BEGIN RECORDS PROVIDED

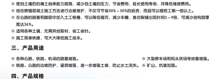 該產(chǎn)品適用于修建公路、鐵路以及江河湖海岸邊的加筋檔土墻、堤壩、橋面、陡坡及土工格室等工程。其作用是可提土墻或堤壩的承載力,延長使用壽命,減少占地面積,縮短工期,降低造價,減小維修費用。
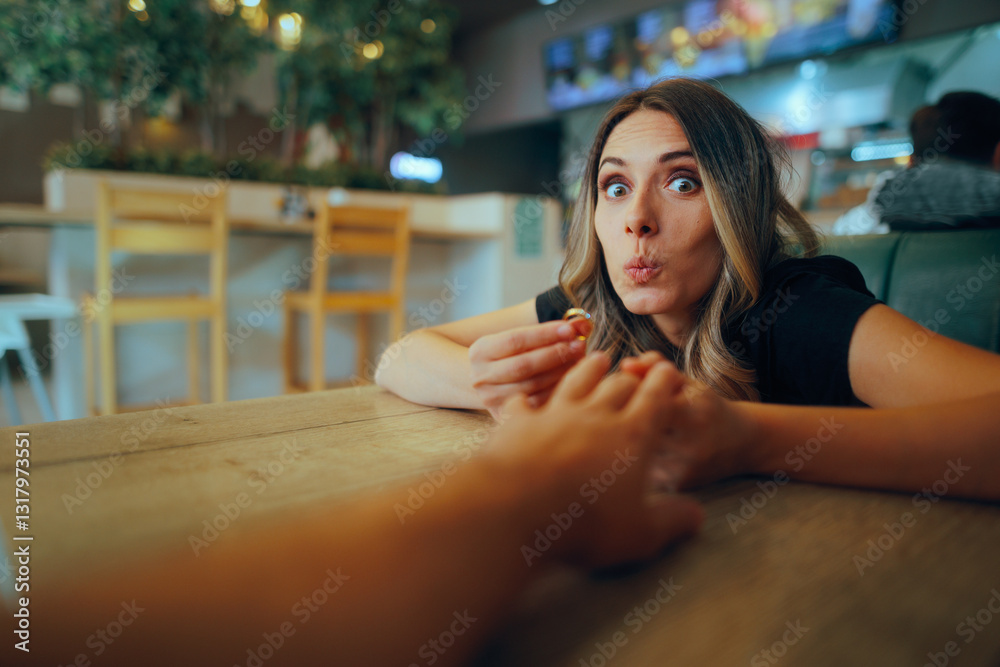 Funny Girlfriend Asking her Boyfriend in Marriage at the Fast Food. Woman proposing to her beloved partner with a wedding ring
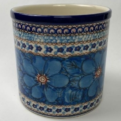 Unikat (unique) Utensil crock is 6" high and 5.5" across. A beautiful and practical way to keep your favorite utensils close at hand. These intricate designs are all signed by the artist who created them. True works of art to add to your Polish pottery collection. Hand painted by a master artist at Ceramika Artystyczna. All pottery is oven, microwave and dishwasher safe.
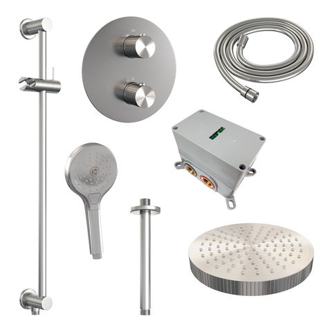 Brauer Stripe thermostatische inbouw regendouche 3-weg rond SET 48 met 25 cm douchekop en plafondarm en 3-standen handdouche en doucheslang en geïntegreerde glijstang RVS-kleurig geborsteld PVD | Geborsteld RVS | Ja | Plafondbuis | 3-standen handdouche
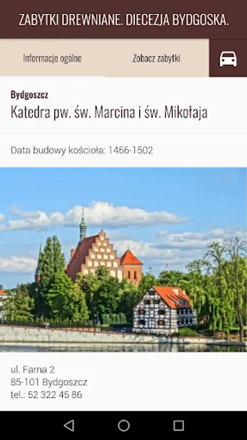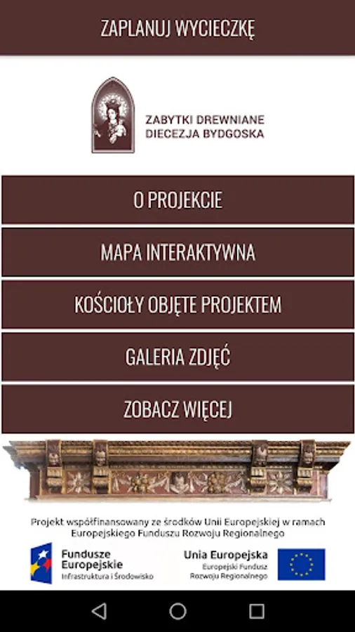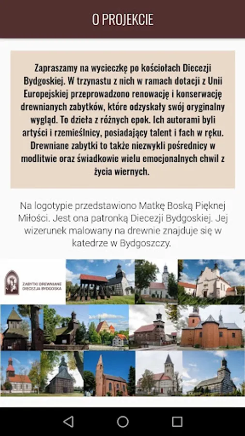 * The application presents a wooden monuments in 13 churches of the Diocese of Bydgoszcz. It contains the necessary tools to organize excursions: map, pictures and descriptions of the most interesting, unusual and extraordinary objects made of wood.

END RECORDS PROVIDED
BEGIN RECORDS PROVIDED

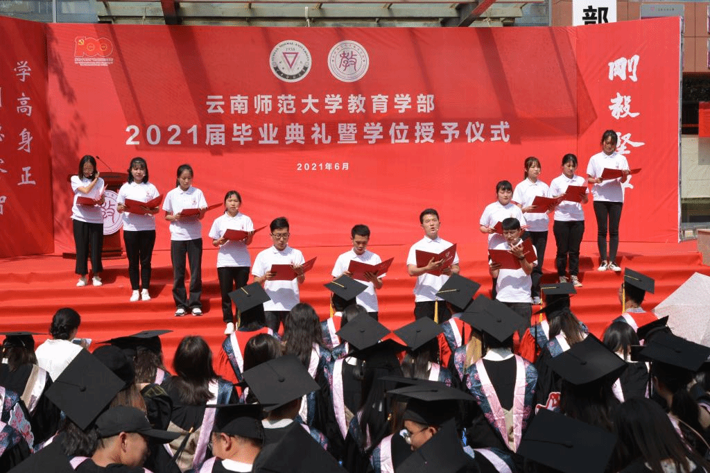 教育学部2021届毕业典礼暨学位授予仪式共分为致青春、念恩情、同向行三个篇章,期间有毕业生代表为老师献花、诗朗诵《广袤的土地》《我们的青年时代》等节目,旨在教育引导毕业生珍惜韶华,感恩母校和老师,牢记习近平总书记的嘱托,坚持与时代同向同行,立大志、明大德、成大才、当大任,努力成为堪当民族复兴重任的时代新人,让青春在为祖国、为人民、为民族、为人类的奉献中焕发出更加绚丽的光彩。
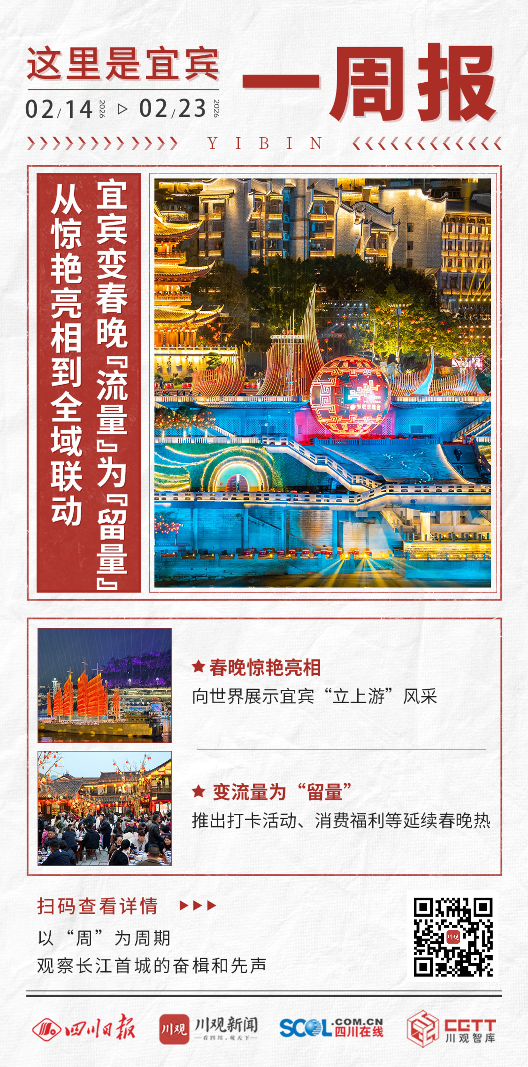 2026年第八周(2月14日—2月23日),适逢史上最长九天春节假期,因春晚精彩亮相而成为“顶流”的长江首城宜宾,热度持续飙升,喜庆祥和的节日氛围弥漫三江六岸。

END RECORDS PROVIDED

• ASSIGNMENT: What you write must match the listing exactly, from the line with "Funny Girlfriend Asking" up to and including the line with "Unikat (unique) Utensil". Pictures stay out.

• RESULT OF THIS TASK:
 Funny Girlfriend Asking her Boyfriend in Marriage at the Fast Food. Woman proposing to her beloved partner with a wedding ring
 Unikat (unique) Utensil crock is 6" high and 5.5" across. A beautiful and practical way to keep your favorite utensils close at hand. These intricate designs are all signed by the artist who created them. True works of art to add to your Polish pottery collection. Hand painted by a master artist at Ceramika Artystyczna. All pottery is oven, microwave and dishwasher safe.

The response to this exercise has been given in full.